Your goal => Pictures appear among the records below and must be omitted. Repeat exactly the lines from the line with "- Material: Metal, paper, particle" to the line with "协会理事长瞿晓铧发表《共建江苏光伏迎向美好明天》主题演讲", both included.

======== Provided data ========

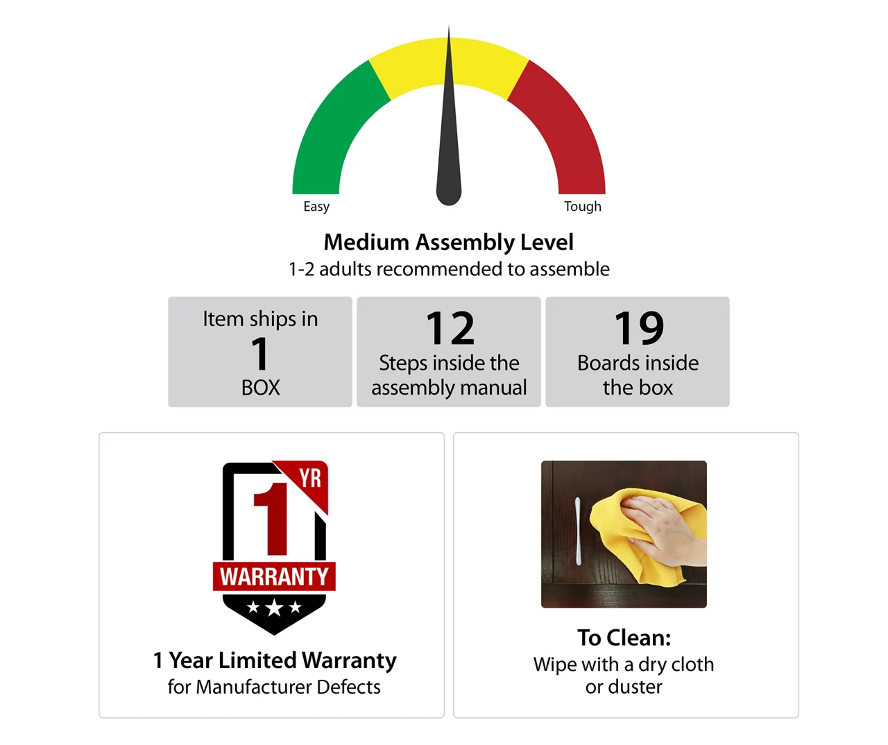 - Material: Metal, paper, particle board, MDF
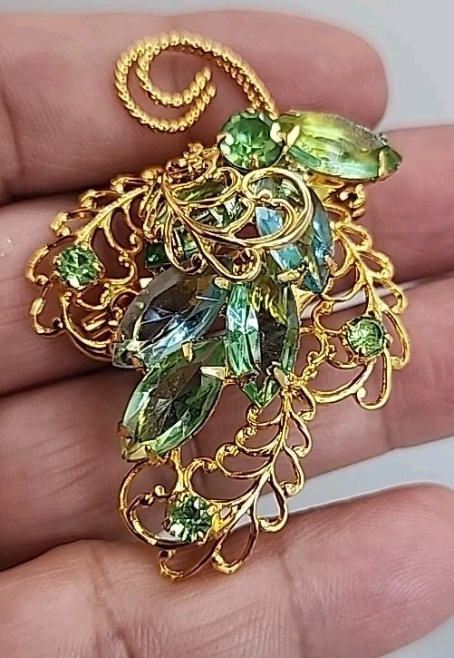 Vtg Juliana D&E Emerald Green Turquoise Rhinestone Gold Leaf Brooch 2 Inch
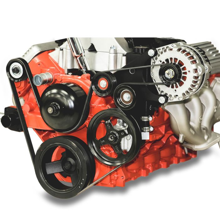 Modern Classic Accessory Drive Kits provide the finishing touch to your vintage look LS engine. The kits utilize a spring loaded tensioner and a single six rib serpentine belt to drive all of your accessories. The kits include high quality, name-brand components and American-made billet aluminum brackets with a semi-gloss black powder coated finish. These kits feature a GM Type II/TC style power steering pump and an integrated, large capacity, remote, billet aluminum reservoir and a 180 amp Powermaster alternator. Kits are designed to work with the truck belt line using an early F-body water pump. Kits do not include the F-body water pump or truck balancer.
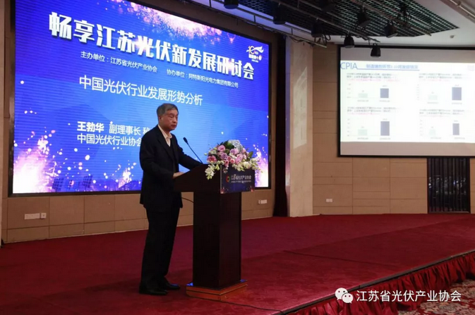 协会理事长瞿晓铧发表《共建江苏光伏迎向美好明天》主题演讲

========
======== Provided data ========

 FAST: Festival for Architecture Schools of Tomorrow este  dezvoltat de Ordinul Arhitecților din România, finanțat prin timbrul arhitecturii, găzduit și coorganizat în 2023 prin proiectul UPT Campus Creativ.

========

Final answer =>
 - Material: Metal, paper, particle board, MDF
 Vtg Juliana D&E Emerald Green Turquoise Rhinestone Gold Leaf Brooch 2 Inch
 Modern Classic Accessory Drive Kits provide the finishing touch to your vintage look LS engine. The kits utilize a spring loaded tensioner and a single six rib serpentine belt to drive all of your accessories. The kits include high quality, name-brand components and American-made billet aluminum brackets with a semi-gloss black powder coated finish. These kits feature a GM Type II/TC style power steering pump and an integrated, large capacity, remote, billet aluminum reservoir and a 180 amp Powermaster alternator. Kits are designed to work with the truck belt line using an early F-body water pump. Kits do not include the F-body water pump or truck balancer.
 协会理事长瞿晓铧发表《共建江苏光伏迎向美好明天》主题演讲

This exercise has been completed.